Rodrigues Pedro M, Olaizola Paula, Paiva Nuno A, Olaizola Irene, Agirre-Lizaso Alona, Landa Ana, Bujanda Luis, Perugorria Maria J, Banales Jesus M
Department of Liver and Gastrointestinal Diseases, Biodonostia Health Research Institute, Donostia University Hospital, University of the Basque Country (UPV/EHU), 20014 San Sebastian, Spain; email:
National Institute for the Study of Liver and Gastrointestinal Diseases, CIBERehd, Instituto de Salud Carlos III, 28029 Madrid, Spain.
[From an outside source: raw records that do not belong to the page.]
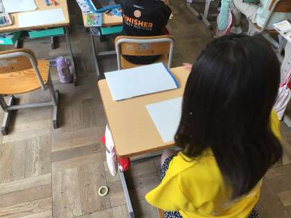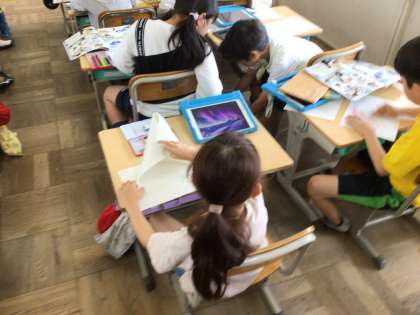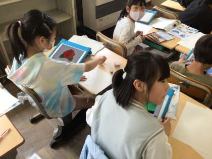 教科書の二次元コードを読み込んで、たくさんの作品を見ながら、自分の作品の構想を練りました。
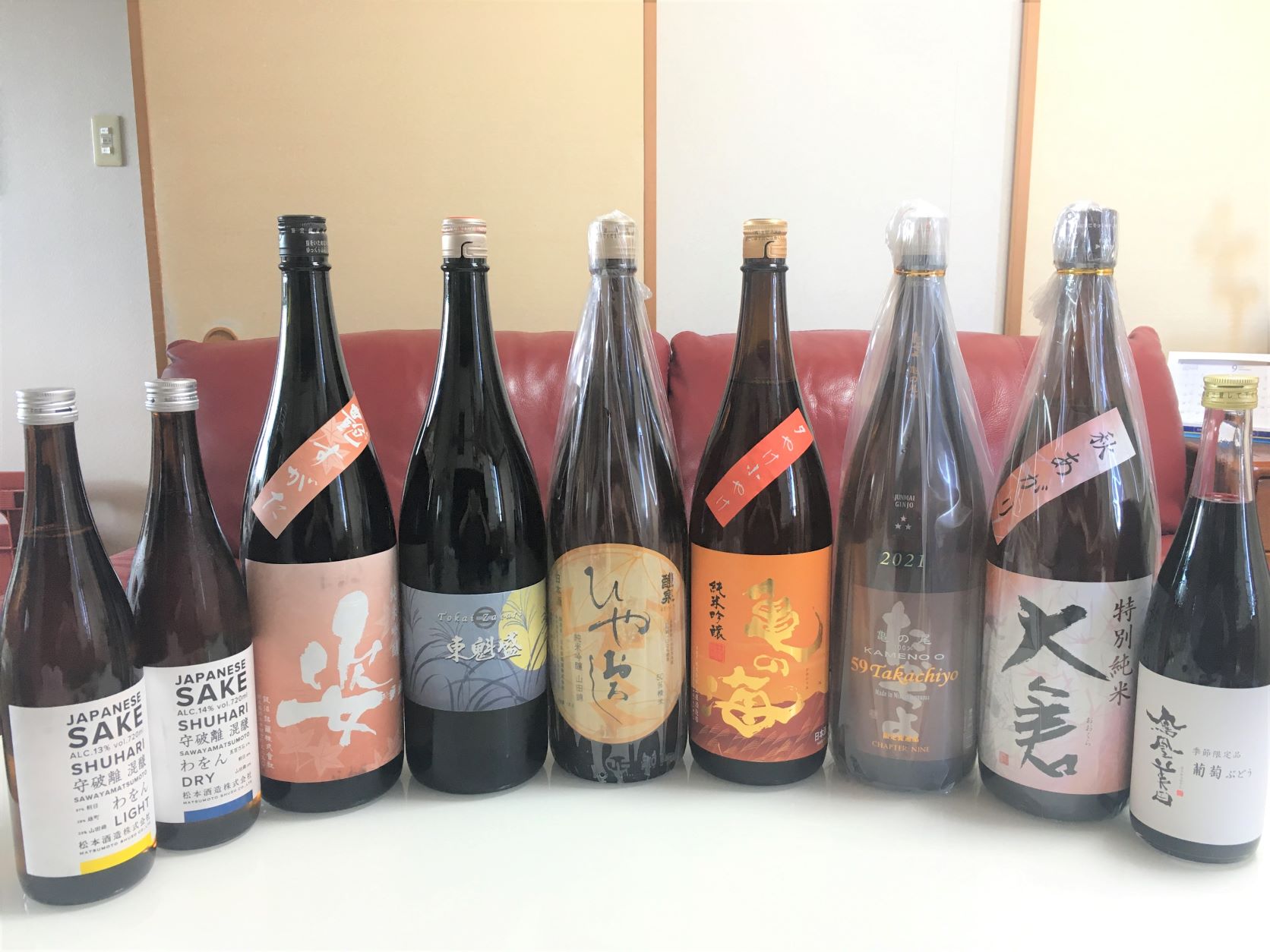 ※左から まつもと×2・姿・東魁盛・醴泉・亀の海・たかちよ・大倉・鳳凰美田(ぶどう)
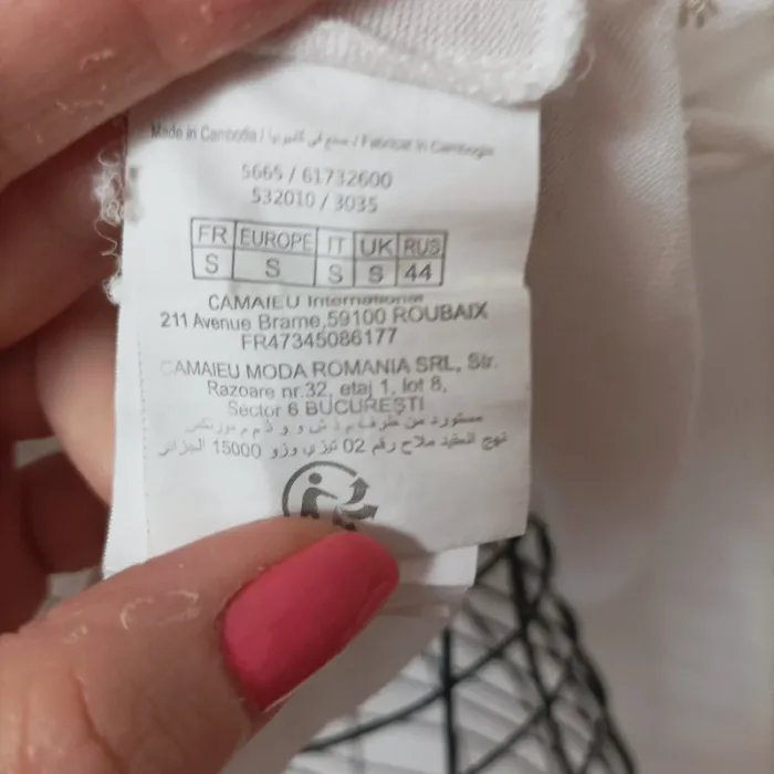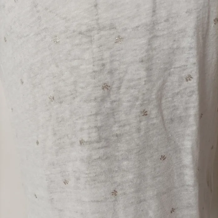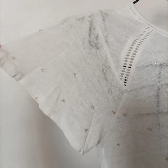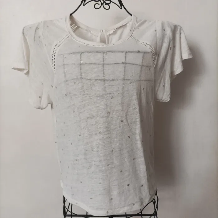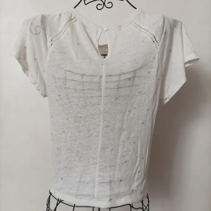 Blouse Camaïeu taille 36 légèrement transparente blanche avec motifs argentés en très bon état D'autres affaires dans mon dressing #valkyetcie_36femme #36femme #femme36 #blousefemme36 #blouse36femme #blousemanchescourtes

Annu Rev Pathol. 2021 Jan 24;16:433-463. doi: 10.1146/annurev-pathol-030220-020455. Epub 2020 Dec 2.
Cholangiocarcinoma (CCA) encompasses a group of malignancies that can arise at any point in the biliary tree. Although considered a rare cancer, the incidence of CCA is increasing globally. The silent and asymptomatic nature of these tumors, particularly in their early stages, in combination with their high aggressiveness, intra- and intertumor heterogeneity, and chemoresistance, significantly compromises the efficacy of current therapeutic options, contributing to a dismal prognosis. During the last few years, increasing efforts have been made to unveil the etiologies and pathogenesis of these tumors and to develop more effective therapies. In this review, we summarize current findings in the field of CCA, mainly focusing on the mechanisms of pathogenesis, cells of origin, genomic and epigenetic abnormalities, molecular alterations, chemoresistance, and therapies.
胆管癌(CCA)是一组可发生于胆管树任何部位的恶性肿瘤。尽管被认为是一种罕见癌症,但CCA的发病率在全球范围内正在上升。这些肿瘤具有隐匿性和无症状性,尤其是在早期阶段,再加上其高侵袭性、肿瘤内和肿瘤间的异质性以及化疗耐药性,严重影响了当前治疗方案的疗效,导致预后不佳。在过去几年中,人们加大了对这些肿瘤的病因和发病机制的研究力度,并致力于开发更有效的治疗方法。在本综述中,我们总结了CCA领域的当前研究结果,主要关注发病机制、起源细胞、基因组和表观遗传异常、分子改变、化疗耐药性以及治疗方法。